Безрод открыл глаза. Стоят Брань и давешний ворожец, глядят внимательно. Стюжень поднес руку ко лбу, и такое блаженство затопило гудящую голову, будто уже помер, от земных болей освободился. Вдохнуть не успел, как обратно в сон провалился, только сон чистый и легкий, без мути в груди и шума в голове…
Долго проспал или нет, сам не знал. Открыл глаза, а Стюжень еще тут. Один. Брань, видать, службу дальше понес. Привел ворожца, ус покрутил и ушел.
– Я в гости не звал.
– Ну, до чего хозяин грозен! И суров, и сердит, аж бровями шевелит! Лучше?
– Лучше, – буркнул Сивый и попробовал встать.
Старик не мешал.
– Ты ведь Волочков человек?
– Был. Чего надо?
Безрод встал ни легко, ни тяжело.
– Князь к себе зовет.
– Своих пусть зовет.
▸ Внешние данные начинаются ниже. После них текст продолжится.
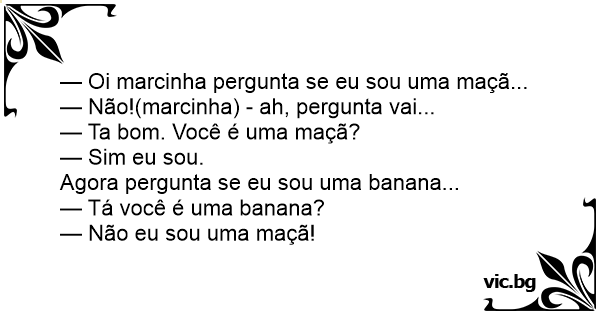 — Oi marcinha pergunta se eu sou uma maçã...
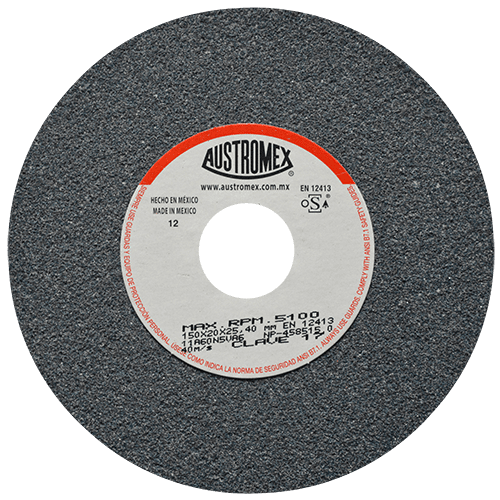 Rueda abrasiva Dimensiones (in): Dimensiones (mm): Abrasivo: Especi cación: Máx. rpm: Línea: Vel. Máxima: 6 “ x 3/4 ” x 1 “ 150 x 20 x 25.4 Óxido de aluminio 11A60N5VA6 5,100 Alto rendimiento 40 m/s
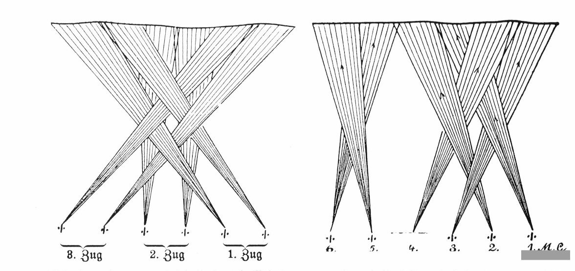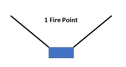 Additional fire points may be accumulated also from the fire of Trench Mortars, Field Artillery, Heavy Artillery, gas, and indirect fire from MG Battalions. The total fire being taken by all bases in a unit is reported using the app when its status is being checked. Fire coming from infantry (including Stosstruppen), MG battalions, cavalry, and tanks is done using the fire arcs shown above. In all such cases, fire does not go through friendly units or blocking terrain. It does go through enemy units, as troops would not be dense enough to stop the effects of this kind of area fire.
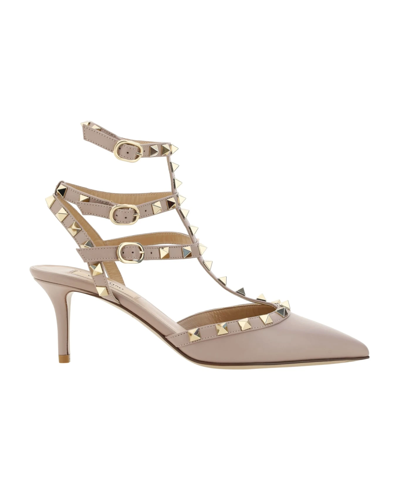 Rockstud sandals by valentino garavani, elongated geometric toe, three adjustable ankle straps with side buckle closure, matte leather design, leather stiletto heel, iconic all-over brand applied studs, logoed insole.
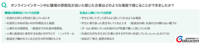 オンラインインターン中に職場の雰囲気が良いと感じた企業はどのような場面で感じることができましたか?
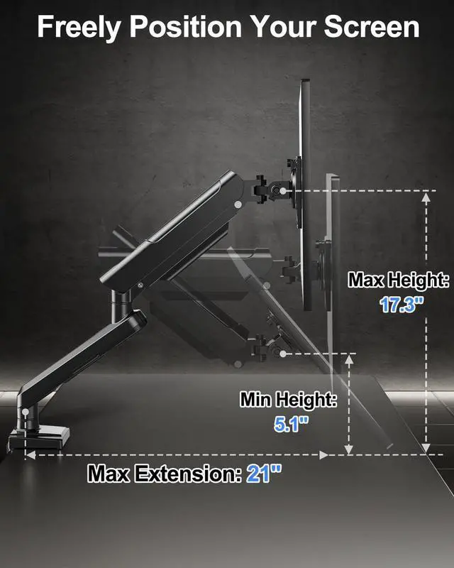 Flexible Adjustment: Freelift full motion single monitor desk mount allows you to adjust your monitor to the perfect height and distance, 180° swivel, tilt +85° to -45°, 360°rotation, increasing your productivity
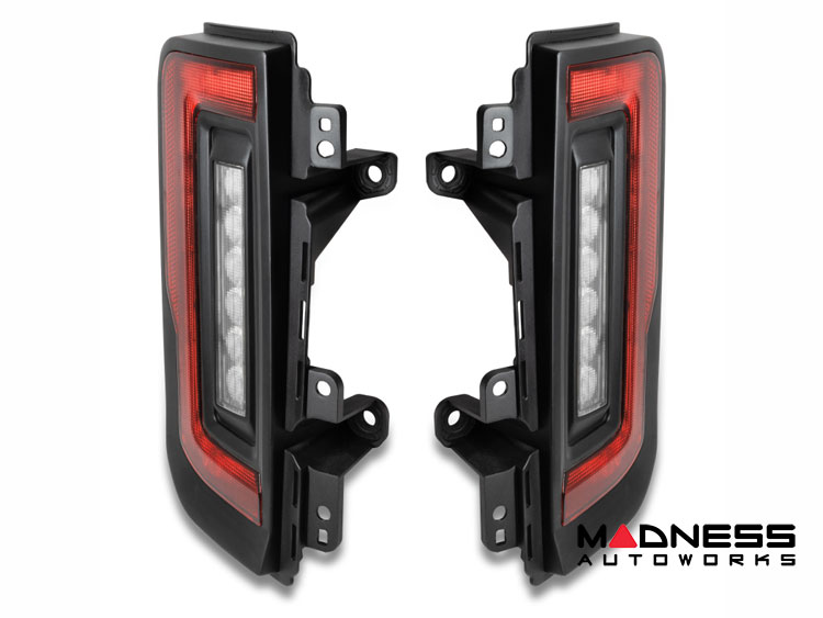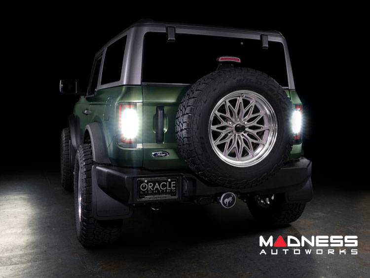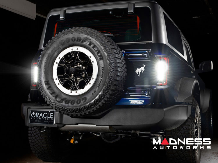 No more problems backing up at night because these LED reverse lights are basically a pair of LED light bars mounted into the tail light which will provide over 8,000 Lumens of rear-facing illumination. This innovative design wraps tightly around the truck. Because of the nearly flush wrap-around design, the lighting can be visible from any rear angle, making it a unique solution for the Bronco.
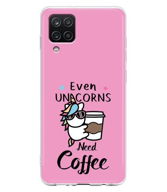Capa de telemóvel em silicone para Samsung A12 “Even unicorns need coffee” de um unicórnio com café.
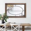 Expand your space with the Silverthorne wall mirror, a robust wall mirror that is elevated by its traditional, rustic design. The Silverthorne mirror features a wooden frame, carved with a beveled, antique-like look. What sets this mirror apart from competitors is its unique, geometric overlay, constructed with a heavy-duty, natural iron material. The oval shape within this rectangle mirror is excellent for use as a bathroom mirror above your vanity or a bold, functional accent piece in your living room, bedroom, entryway, kitchen, or office. Adding a mirror to your wall decor expands the space it hangs in, creating a more open concept from the light it reflects within the room. The overall display dimensions of this traditional wall mirror are 24 inches wide by 34.75 inches tall, creating a robust, eye-catching focal point for your living space. This sophisticated, traditional wall mirror hangs in a matter of seconds with the convenient metal D-ring hangers securely attached to the back of the wooden frame.
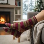 Vlněné, teplé zimní dámské ponožky IVKA 615/4 růžovo-zelený proužek, vysoké (více velikostí)
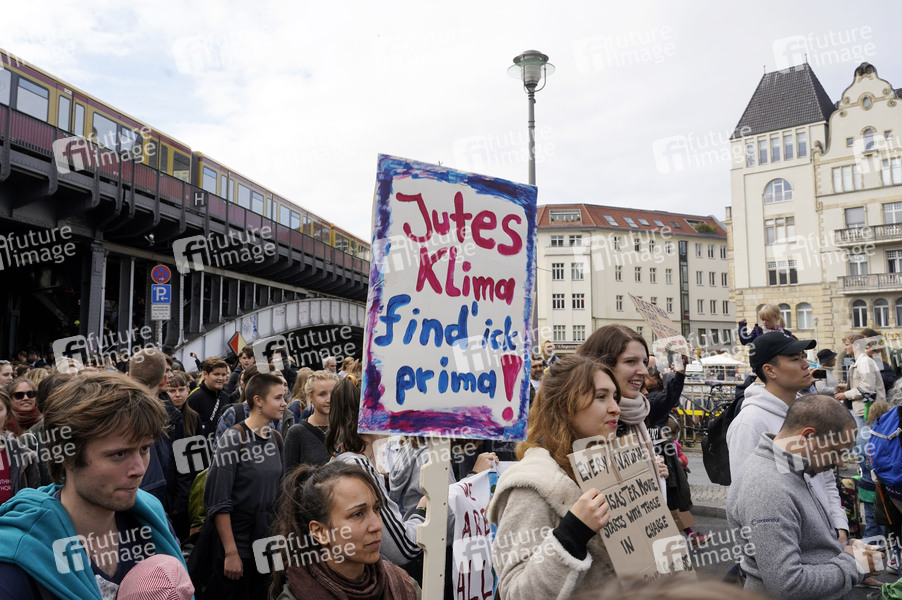 Demonstranten bei der 'Fridays for Future' Demonstration im Rahmen des weltweiten Klimastreiks auf der Friedrichstraße. Berlin, 20.09.2019

Не пойду.
– Боишься?
– Ага, языка своего боюсь. Бед не натворил бы.
– Отвада хочет узнать про то, что на чернолесской заставе приключилось. Почему выжил только ты, почему не открылся, почему шастаешь без пояса. – Старик сел на бочку. – Что нынче на пристани случилось?
Нынче? Так день еще не кончился?
– Нельзя мне в терем. Князь больно сердит. Невзлюбил меня почему-то. Нет, не пойду.
– А тот парень белобрысый, которого ты притащил, на поправку пошел. Гремляш зовут. Ты ему навроде отца теперь. Зайди, проведай.
Чудно! Был один, словно дуб в чистом поле, теперь что ни день сынок находится! Полуночный купец Люндаллен, теперь вот Гремляш.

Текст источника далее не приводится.